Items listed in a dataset
◆ ◆ ◆ ◆ ◆ ◆ ◆

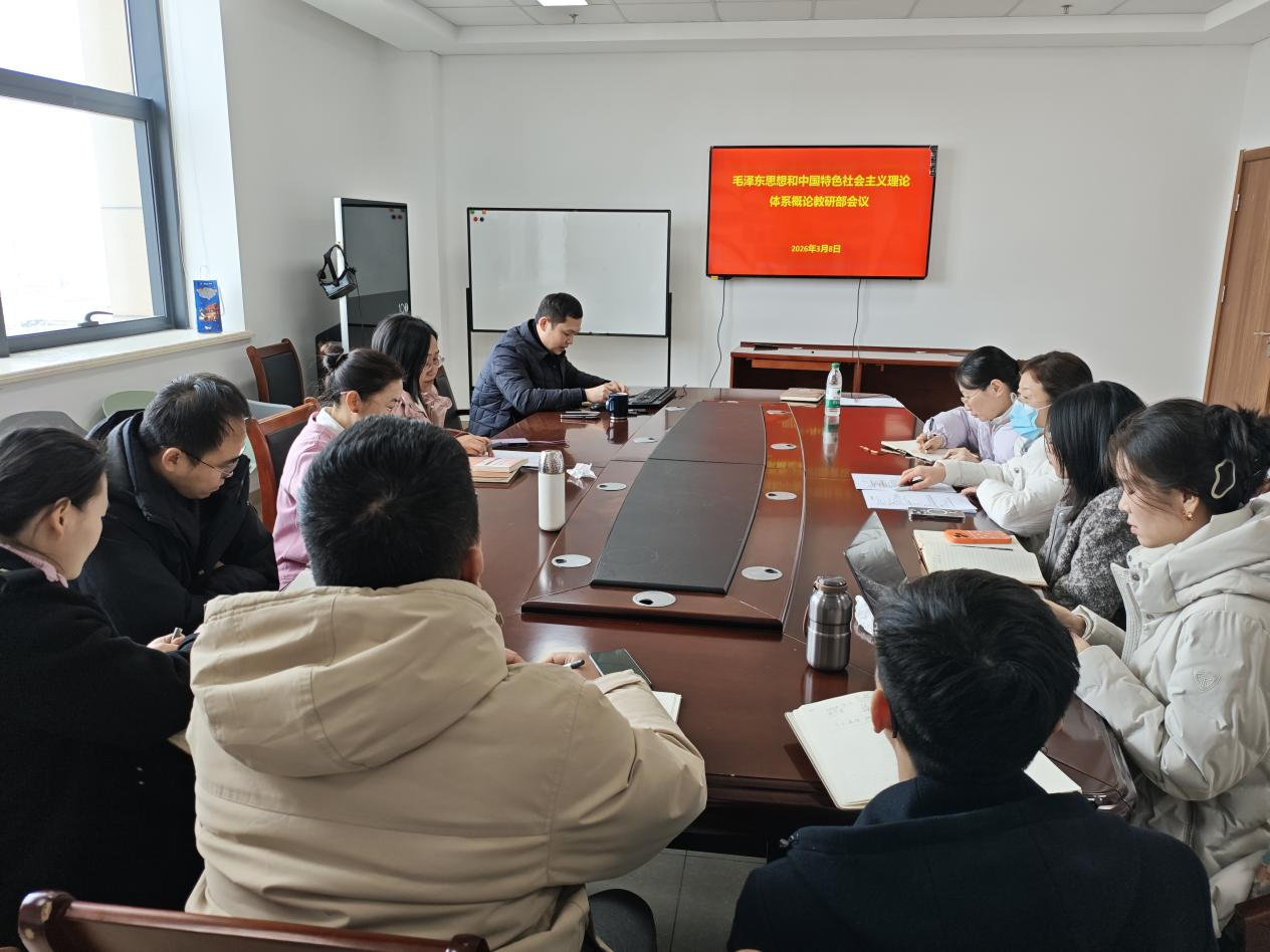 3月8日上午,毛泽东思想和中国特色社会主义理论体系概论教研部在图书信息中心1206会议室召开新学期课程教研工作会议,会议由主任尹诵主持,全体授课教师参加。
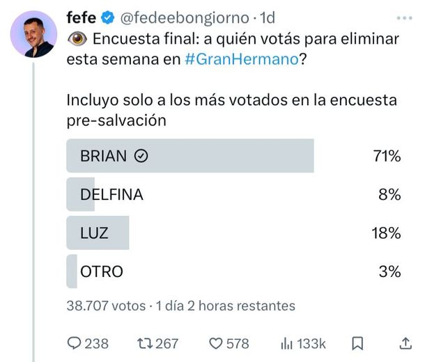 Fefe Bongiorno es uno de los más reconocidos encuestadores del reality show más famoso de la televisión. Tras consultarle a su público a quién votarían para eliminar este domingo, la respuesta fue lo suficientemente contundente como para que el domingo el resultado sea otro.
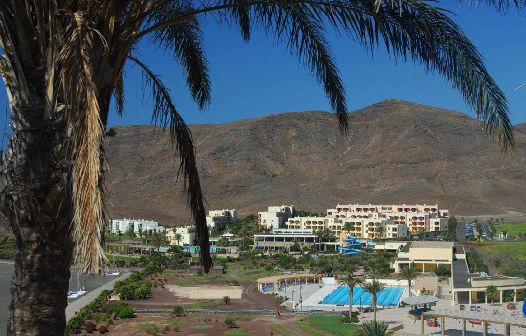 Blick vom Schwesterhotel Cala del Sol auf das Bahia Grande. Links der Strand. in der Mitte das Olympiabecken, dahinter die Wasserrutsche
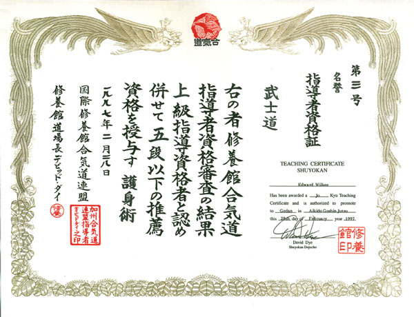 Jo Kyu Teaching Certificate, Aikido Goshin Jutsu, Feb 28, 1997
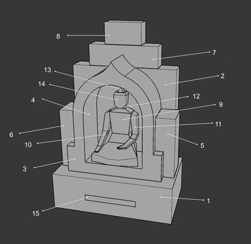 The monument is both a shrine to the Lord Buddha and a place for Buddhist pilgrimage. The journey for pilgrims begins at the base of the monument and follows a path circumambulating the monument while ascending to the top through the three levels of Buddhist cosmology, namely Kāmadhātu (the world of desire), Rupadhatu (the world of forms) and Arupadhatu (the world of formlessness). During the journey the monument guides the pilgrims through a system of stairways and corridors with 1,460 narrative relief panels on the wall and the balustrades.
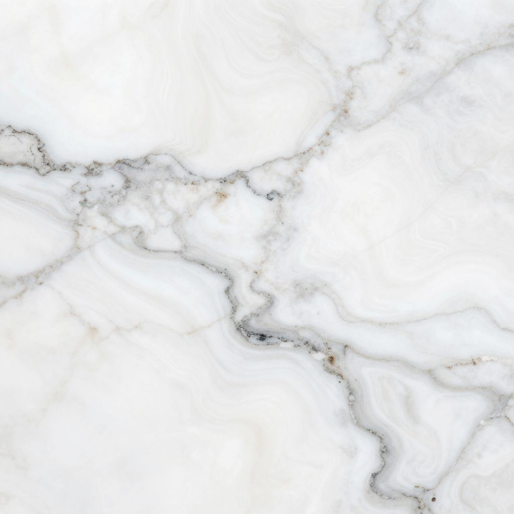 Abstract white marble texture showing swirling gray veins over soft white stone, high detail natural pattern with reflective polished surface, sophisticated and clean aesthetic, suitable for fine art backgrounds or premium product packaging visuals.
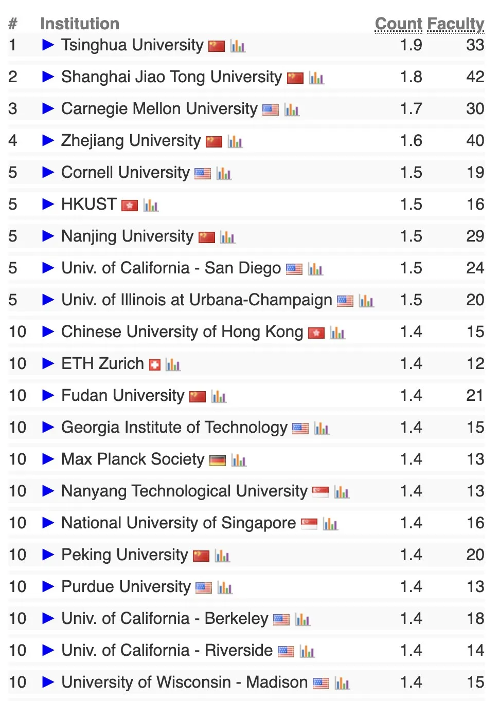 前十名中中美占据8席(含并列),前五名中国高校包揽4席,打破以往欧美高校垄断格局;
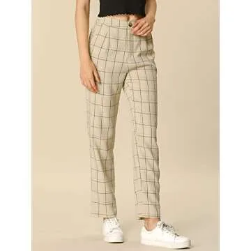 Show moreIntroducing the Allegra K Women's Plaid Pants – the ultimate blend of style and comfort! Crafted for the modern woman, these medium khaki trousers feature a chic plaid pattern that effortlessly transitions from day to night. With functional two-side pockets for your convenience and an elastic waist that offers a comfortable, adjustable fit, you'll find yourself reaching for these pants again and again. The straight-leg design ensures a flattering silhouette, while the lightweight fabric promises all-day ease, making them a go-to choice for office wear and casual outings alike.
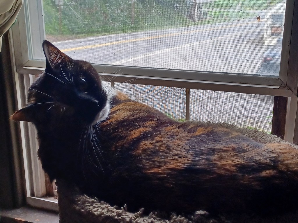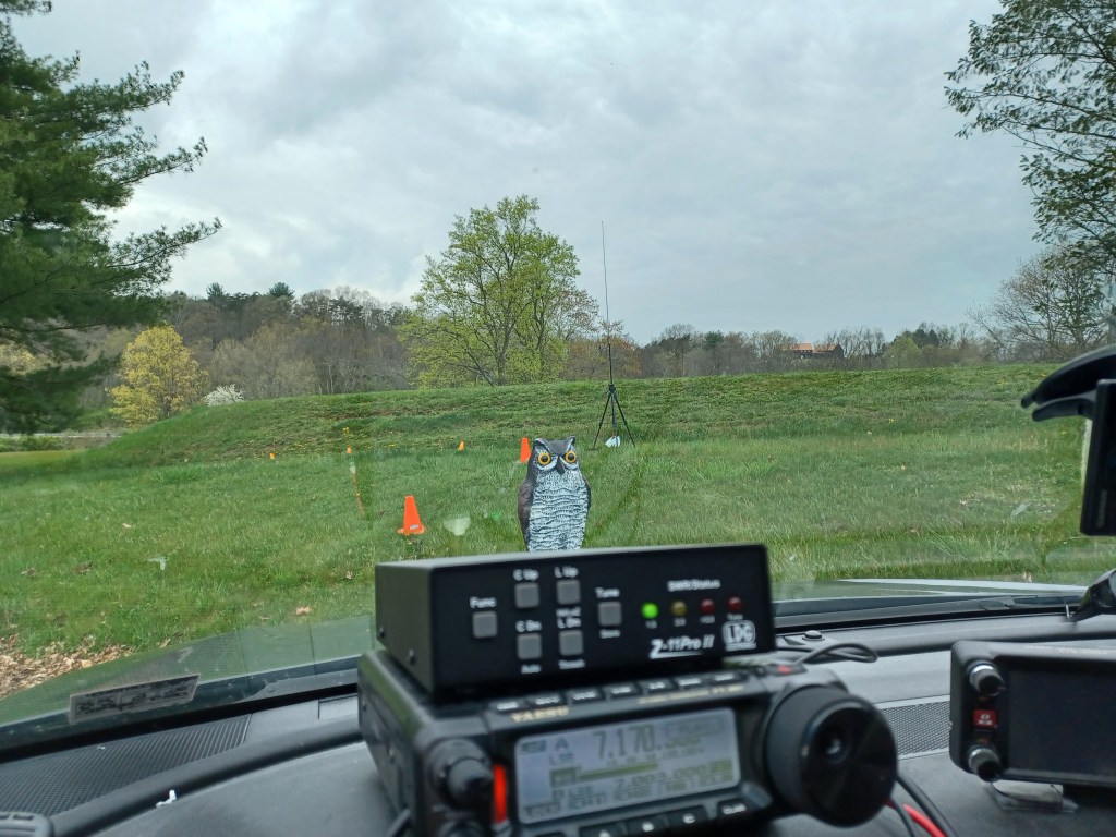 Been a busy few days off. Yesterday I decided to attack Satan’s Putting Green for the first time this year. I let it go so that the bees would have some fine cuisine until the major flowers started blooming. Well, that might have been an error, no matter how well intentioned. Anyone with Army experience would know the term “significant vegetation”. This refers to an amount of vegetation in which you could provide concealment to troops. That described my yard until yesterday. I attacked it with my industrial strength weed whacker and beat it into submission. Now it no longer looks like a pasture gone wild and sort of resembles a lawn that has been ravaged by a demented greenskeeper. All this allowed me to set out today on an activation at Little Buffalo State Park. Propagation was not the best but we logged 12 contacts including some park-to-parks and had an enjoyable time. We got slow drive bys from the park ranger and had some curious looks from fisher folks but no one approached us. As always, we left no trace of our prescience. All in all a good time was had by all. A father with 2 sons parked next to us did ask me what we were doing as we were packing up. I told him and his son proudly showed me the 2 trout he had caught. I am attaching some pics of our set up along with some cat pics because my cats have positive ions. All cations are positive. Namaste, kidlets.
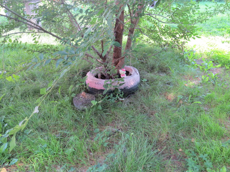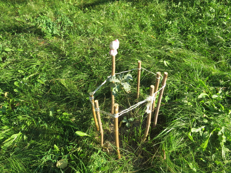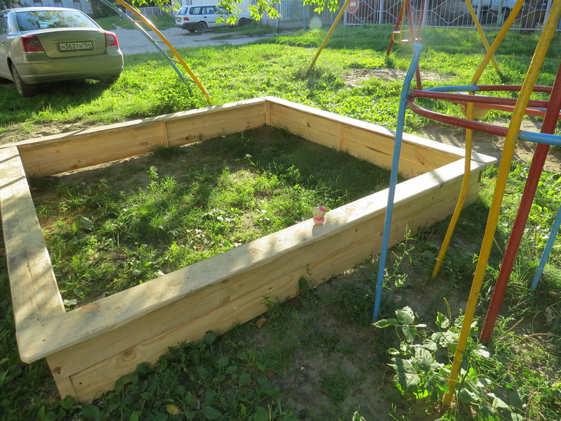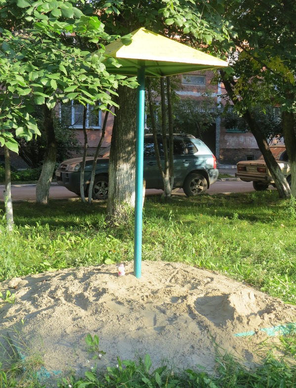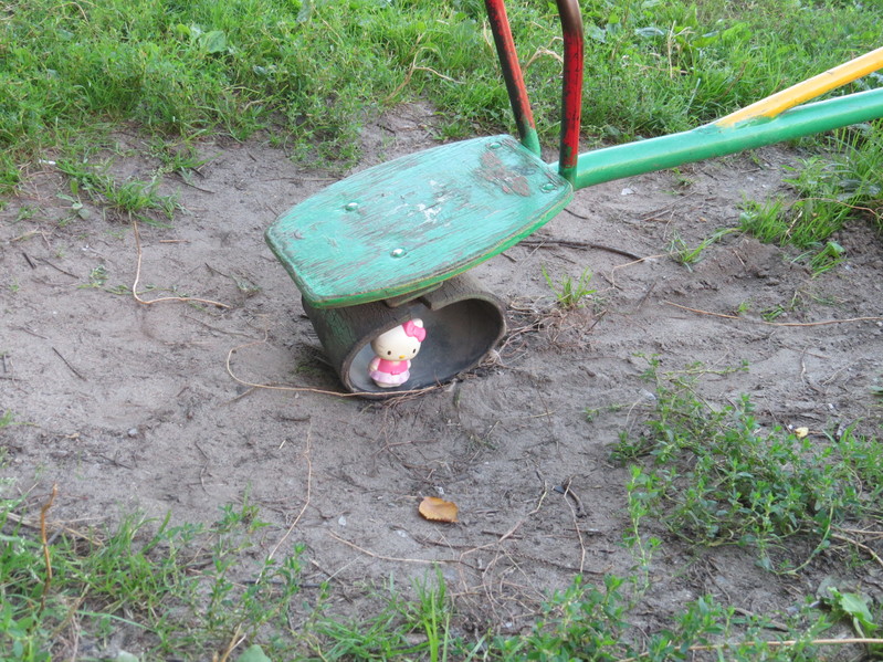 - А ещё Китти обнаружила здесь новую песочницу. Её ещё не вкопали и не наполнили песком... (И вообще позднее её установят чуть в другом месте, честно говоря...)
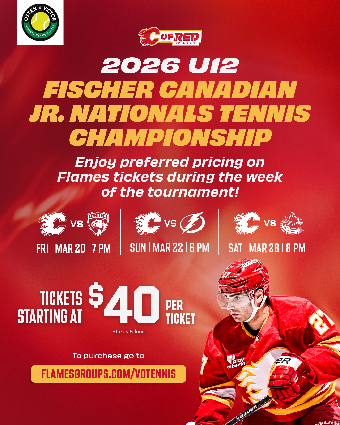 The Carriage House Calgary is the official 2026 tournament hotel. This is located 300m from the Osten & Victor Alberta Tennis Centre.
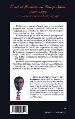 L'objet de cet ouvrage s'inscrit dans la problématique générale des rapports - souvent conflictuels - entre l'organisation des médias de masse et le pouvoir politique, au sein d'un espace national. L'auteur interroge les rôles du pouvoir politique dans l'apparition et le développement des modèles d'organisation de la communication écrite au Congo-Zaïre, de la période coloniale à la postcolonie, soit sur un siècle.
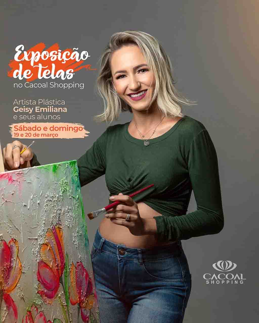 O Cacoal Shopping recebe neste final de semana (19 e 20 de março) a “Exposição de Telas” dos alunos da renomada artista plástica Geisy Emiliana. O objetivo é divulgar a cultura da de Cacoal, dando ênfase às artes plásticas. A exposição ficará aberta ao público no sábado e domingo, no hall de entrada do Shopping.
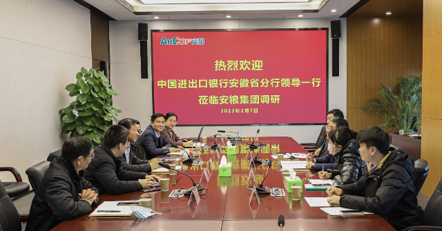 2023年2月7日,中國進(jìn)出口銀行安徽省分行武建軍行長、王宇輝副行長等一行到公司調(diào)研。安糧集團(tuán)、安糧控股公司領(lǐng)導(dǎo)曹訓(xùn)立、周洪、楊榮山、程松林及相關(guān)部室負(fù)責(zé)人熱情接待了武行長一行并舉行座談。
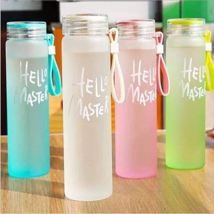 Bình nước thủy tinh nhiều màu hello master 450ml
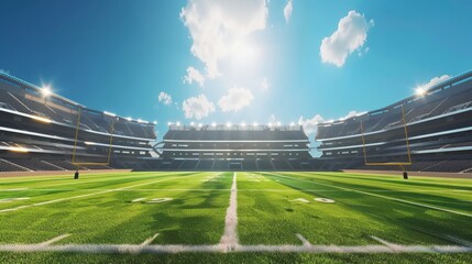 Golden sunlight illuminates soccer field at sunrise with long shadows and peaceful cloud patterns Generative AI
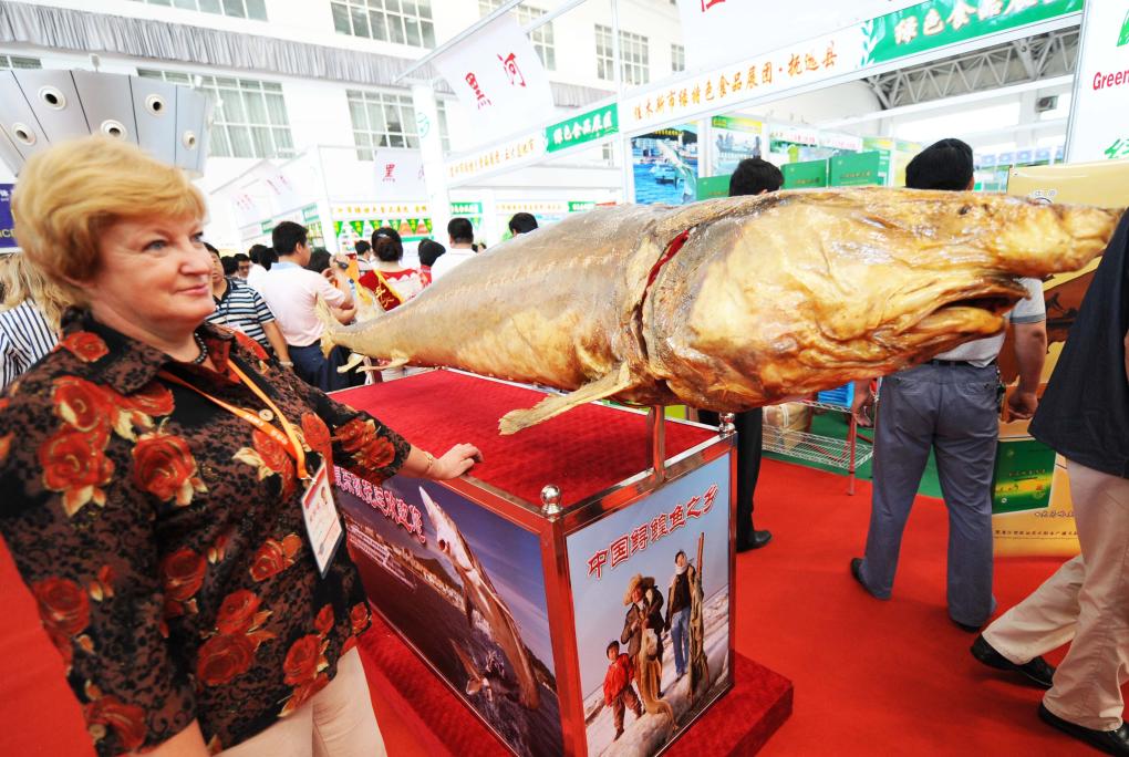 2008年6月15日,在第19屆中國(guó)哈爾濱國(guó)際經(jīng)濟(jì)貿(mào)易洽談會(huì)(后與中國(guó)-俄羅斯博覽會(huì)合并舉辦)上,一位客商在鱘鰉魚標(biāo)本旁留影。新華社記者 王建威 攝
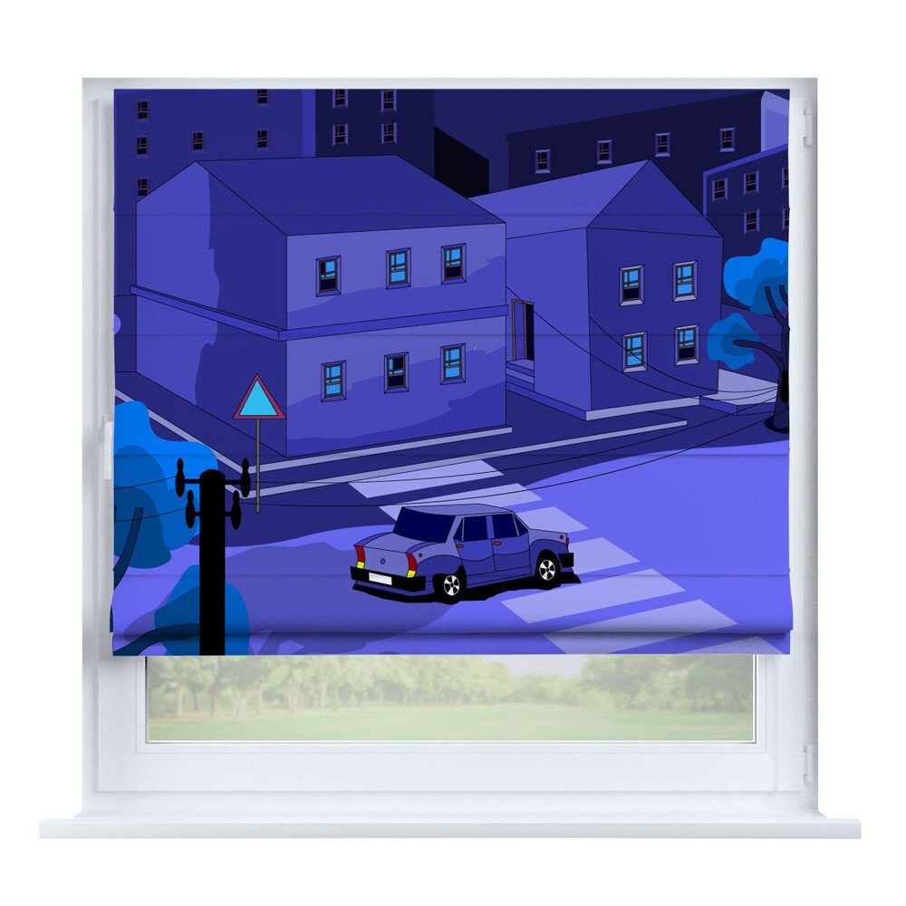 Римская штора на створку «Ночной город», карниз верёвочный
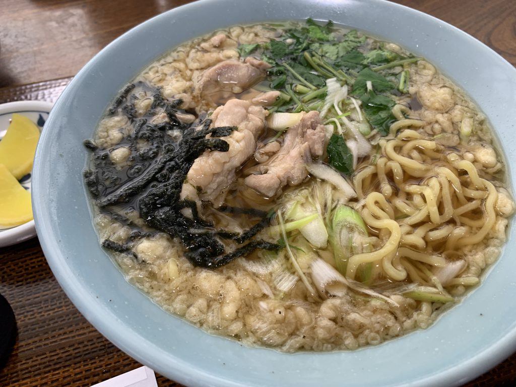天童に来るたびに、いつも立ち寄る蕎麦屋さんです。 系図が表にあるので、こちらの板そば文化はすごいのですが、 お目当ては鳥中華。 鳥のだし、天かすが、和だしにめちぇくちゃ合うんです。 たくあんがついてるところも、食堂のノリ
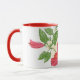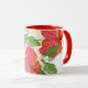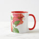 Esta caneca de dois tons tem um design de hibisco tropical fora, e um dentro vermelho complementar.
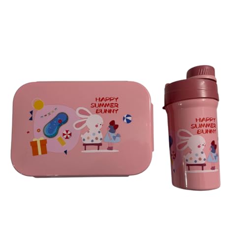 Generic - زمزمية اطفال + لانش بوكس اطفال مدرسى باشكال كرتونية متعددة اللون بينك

◆ ◆ ◆ ◆ ◆ ◆ ◆

Problem to work on:
Although the records above contain pictures, the copy should not; retype exactly the lines from the one containing "前十名中中美占据8席(含并列" through the one containing "Show moreIntroducing the".

Task solution:
 前十名中中美占据8席(含并列),前五名中国高校包揽4席,打破以往欧美高校垄断格局;
 Show moreIntroducing the Allegra K Women's Plaid Pants – the ultimate blend of style and comfort! Crafted for the modern woman, these medium khaki trousers feature a chic plaid pattern that effortlessly transitions from day to night. With functional two-side pockets for your convenience and an elastic waist that offers a comfortable, adjustable fit, you'll find yourself reaching for these pants again and again. The straight-leg design ensures a flattering silhouette, while the lightweight fabric promises all-day ease, making them a go-to choice for office wear and casual outings alike.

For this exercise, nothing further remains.